Ed Hardy Reminds Us That He Is The Worst
This is a promotional video from the Ed Hardy website about the company's founder, Christian Audigier. It seems to have been made for the express purpose of reminding everyone that he is the worst, but it also reminds us that if you give celebrities enough free stuff they will pretend that you're not (the worst). Because they are also kind of the worst.
This thing is upholstered in wall to wall class. ET TU, CHEADLE?
There is so much Larry King in this video it's nuts. Larry King has his finger on the pulse of America*. He's like, "Mom, come pick me up from the mall." He's like, "Mom, I want a new bejeweled tank top with a dragon fucking a skull made of roses for my 900th birthday." Look at him:
BALLIN'. He beat up a 13-year-old girl and took her jeans and the cops won't say shit to him. He went to Christian Audigier's birthday party and took a dump in the chocolate fountain because HE GETS CONFUSED SOMETIMES.
What am I even talking about? Oh, right, Ed Hardy.
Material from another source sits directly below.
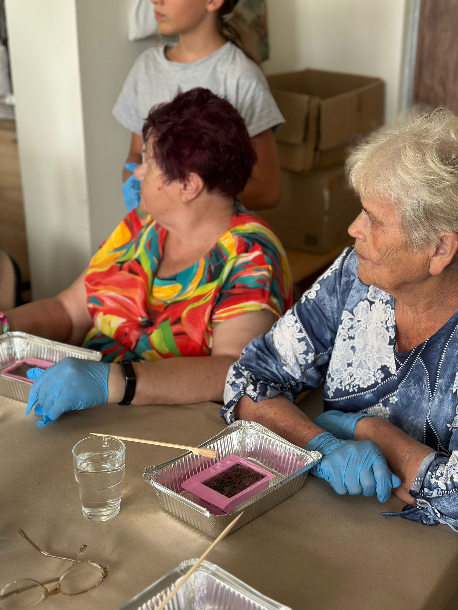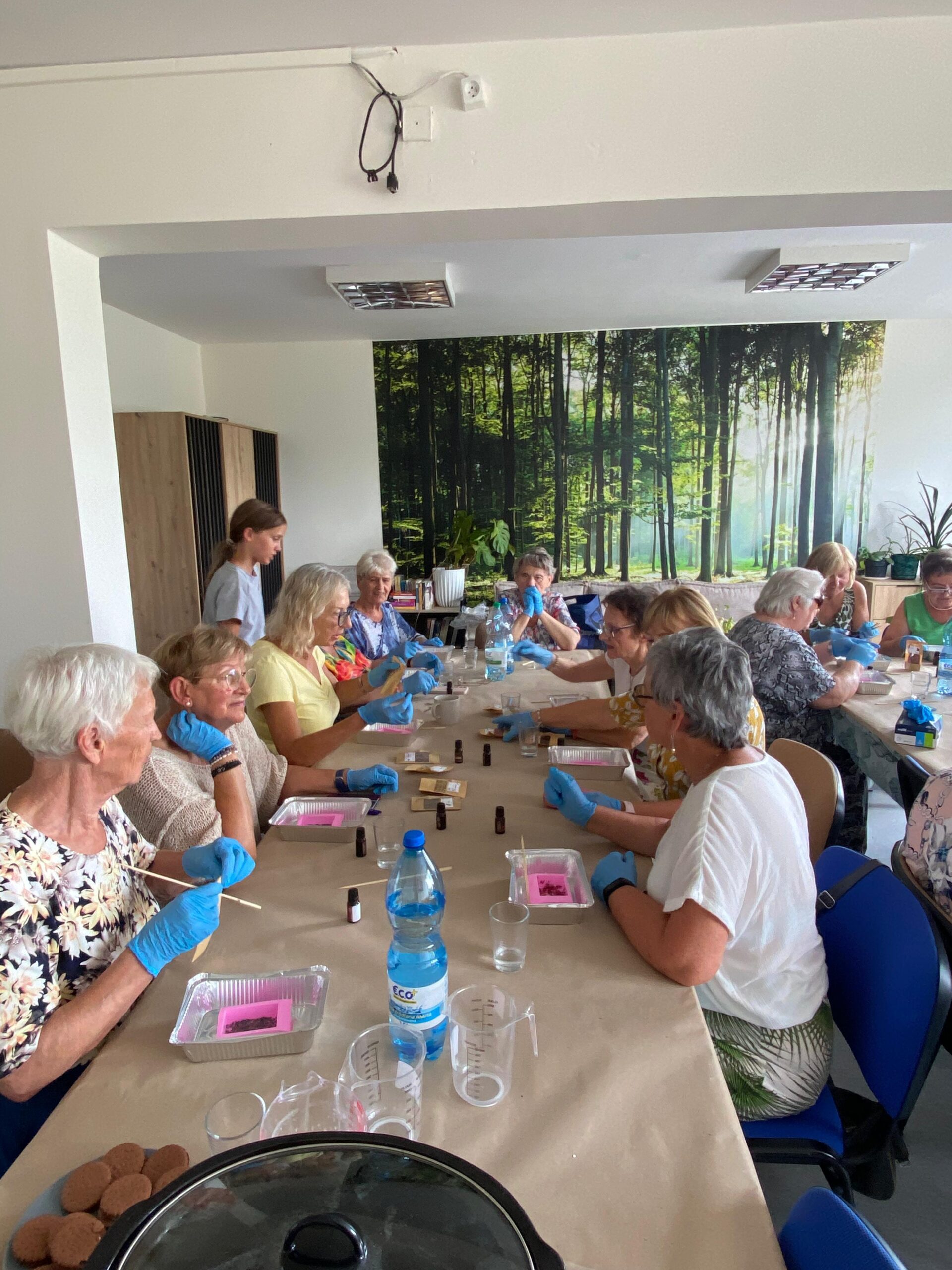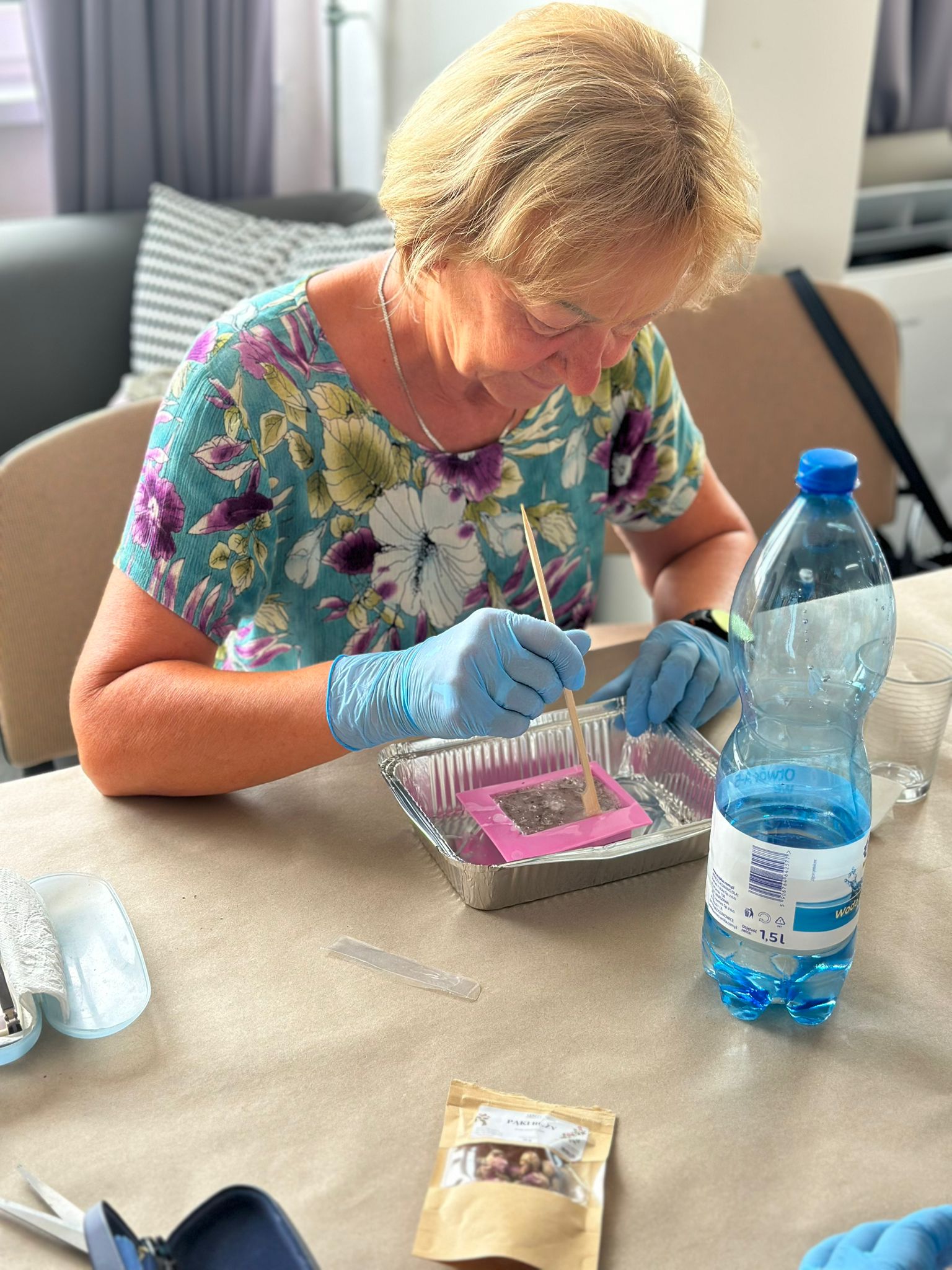 Warsztaty rozpoczęły się od krótkiego wprowadzenia, podczas którego uczestnicy poznali składniki potrzebne do stworzenia naturalnego mydła. Następnie przeszliśmy do praktycznej części — każdy senior mógł samodzielnie połączyć oleje, barwniki naturalne i aromaty, tworząc unikatowe mydła.

Not good. (Thanks for the tip, Max.)
*You can make your own joke about the coroner having his finger on the pulse of Larry King, etc.
Posted by Gabe at 4:30 PM in Train Wreck Documentaries
Tags: Christian Audigier | Ed Hardy | Fashion | Garbage | Larry King




































celebrities are just like us!: they make pleased/surprised-poorly-masking-their-horror-faces when presented with hideous gifts!
Score = 3
The worst, indeed. I don't think I've actually ever heard his name pronounced before. Totally not what I thought. And can't all of Hollywood admit that "Ed Hardy" is crap? Or are they all too cool to admit it? Or am I that out of that fashion scene to get it? Sadly, it's a bit of both.
Score = 2
Where did this Ed Hardy shit even come from. It's like I just woke up one day and Ed Hardy was the official brand of bad taste.
Score = 7
You must've slept through the dark days of Von Dutch..
Score = 18
can i watch the part where Schwarzenegger asks for his card because he clearly has no idea who he is? cause that was the best. face!
Score = 1
No footage from the Ed Hardy vineyard?
Score = 5
"When I see trucker hat, I see piece of Americana." Funny, all I see is a mesh douche bag. Also, can you say 'king of fashion' one more time please, because I didn't get the point that Michael Jackson thinks you're the king of fashion. Nice.
Score = 5
..because being called the King of Fashion by someone that wears sequined band uniforms and baseball catcher's shin guards is the kind of validation most designers can only dream of.
Score = 7
Really? "Passion for design"? "King of fashion"?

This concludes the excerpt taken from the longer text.